Christmas Breakfast Casserole

Christmas Breakfast Casserole

Ingredients

  • 2 tbsp. olive oil
  • 8 oz. deli ham, diced
  • 1 medium onion, diced
  • 1 red bell pepper, diced
  • 1 green bell pepper, diced
  • 1 tsp. kosher salt
  • 1/2 tsp. black pepper
  • 1 tsp. fresh thyme, chopped
  • 6 croissants, cut into 1 1/2- to 2-in. pieces
  • 1 c. milk
  • 3/4 c. half-and-half
  • 1 tsp. hot sauce
  • 5 large eggs
  • 2 c. grated white cheddar cheese, divided
  • 1 c. grated pepper jack cheese, divided

Directions

  1. 1

    In a large skillet, heat 1 tablespoon olive oil over medium-high heat. Add the ham, onion, and bell pepper, and cook, stirring, until softened, 8 to 10 minutes. Add the salt, pepper, and thyme, and cook for 1 minute more. Remove from the heat and set aside to cool slightly.

  2. 2

    Brush a 13-by-9-inch baking dish with the remaining 1 tablespoon olive oil.
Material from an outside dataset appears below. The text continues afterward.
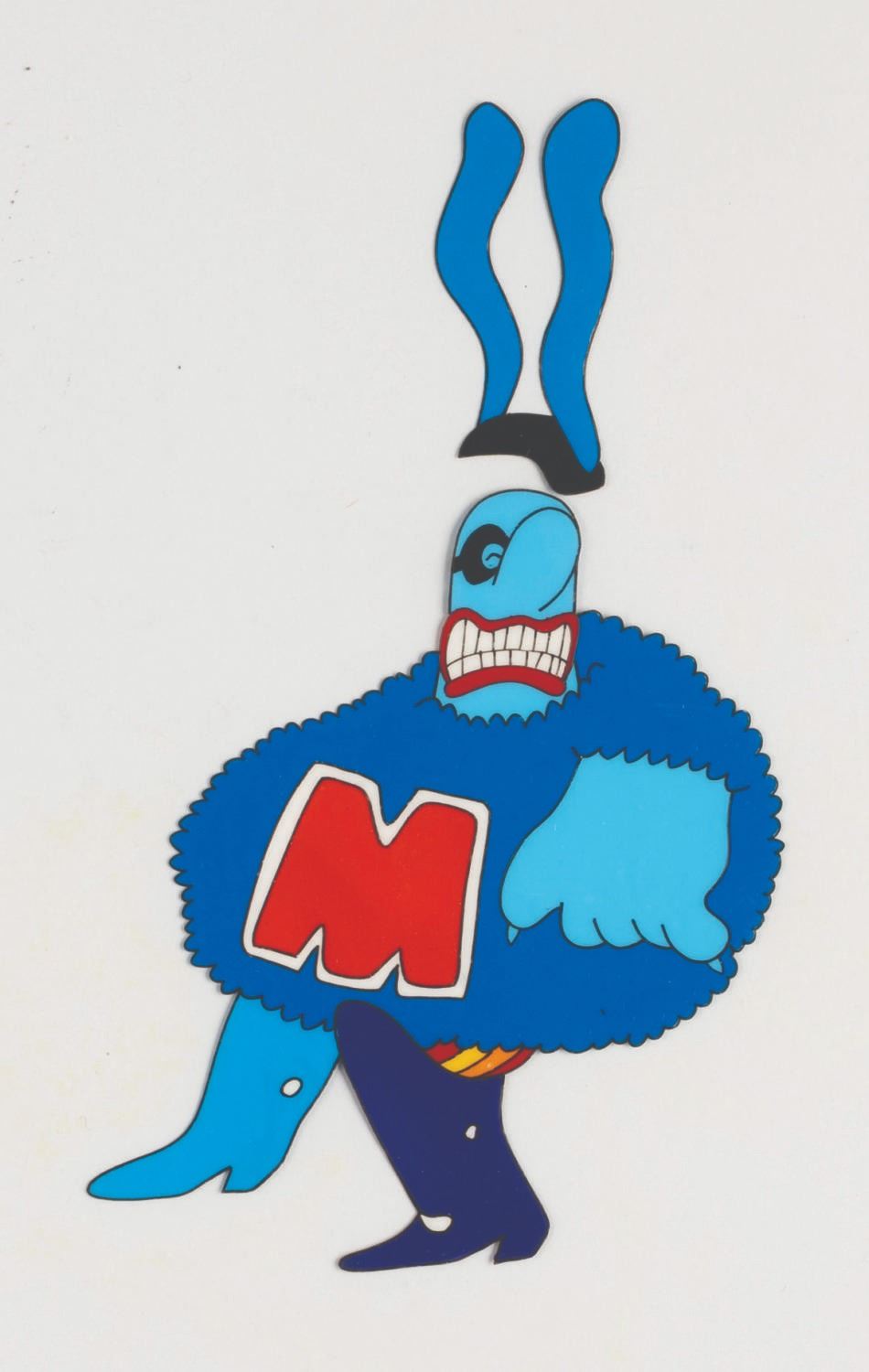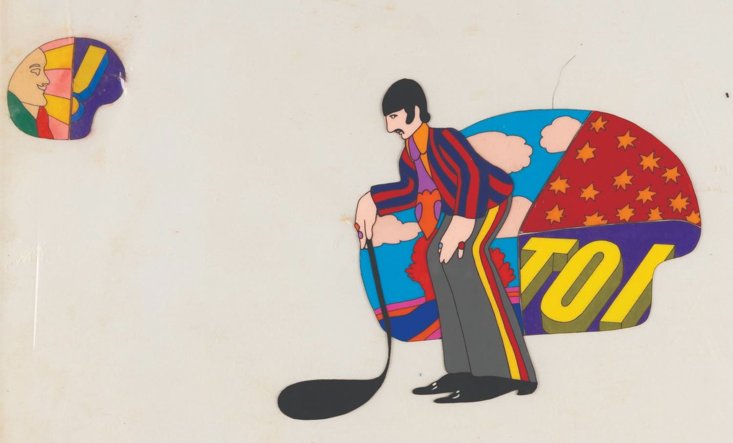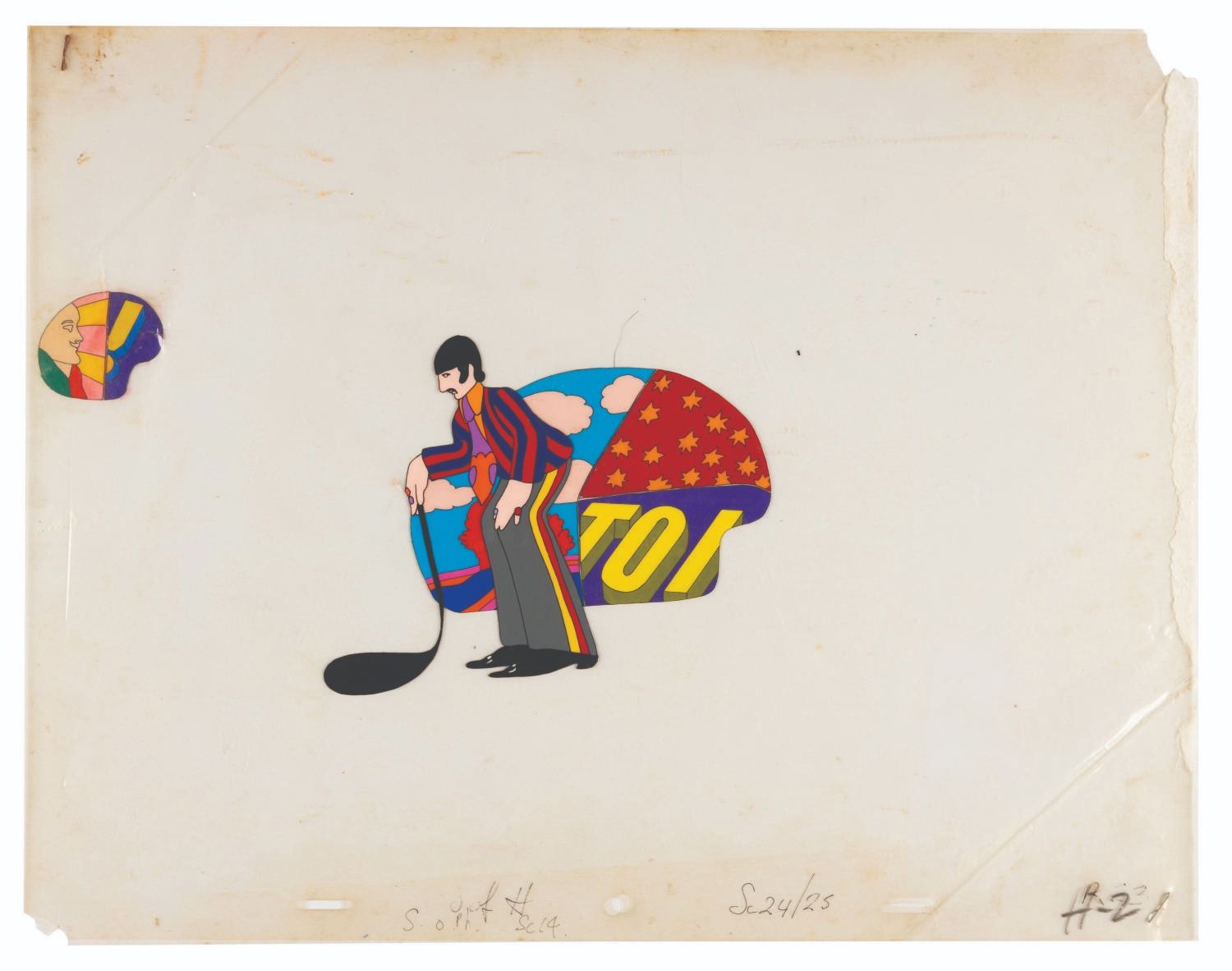(United Artists, 1968) An original hand-painted production cel of Ringo Starr and Max Blue Meanie from "Yellow Submarine.” Measuring 12.5” x 16” with character image sizes of 4.75” x 2.5” and 5.5” x 3.5”, the multi-layer cel displays in good condition with pinholes, oxidation stains, creases to the top left and bottom right corners, tears to the corners, light soiling and scuffs, light discoloration to the acetate but not the paint itself, and adhesive and paper residue along the right edge which does not affect the image.

Add the croissant pieces, top with the ham mixture, and mix gently to combine.

  3. 3

    In a medium bowl, whisk together the milk, half-and-half, hot sauce, and eggs. Add half of both cheeses. Pour the mixture over the croissants and mix gently to combine and evenly distribute. Cover and refrigerate for at least 1 hour and up to 4 hours.

  4. 4

    Preheat the oven to 350°F. Remove the casserole from the refrigerator, uncover, and let sit at room temperature for 15 minutes before baking, pressing down on the croissants with a spatula to make sure they are well soaked.

  5. 5

    Sprinkle the casserole with the remaining cheeses. Bake until puffed, golden brown, and the cheese is melted, about 45 minutes. Let rest 15 minutes before serving.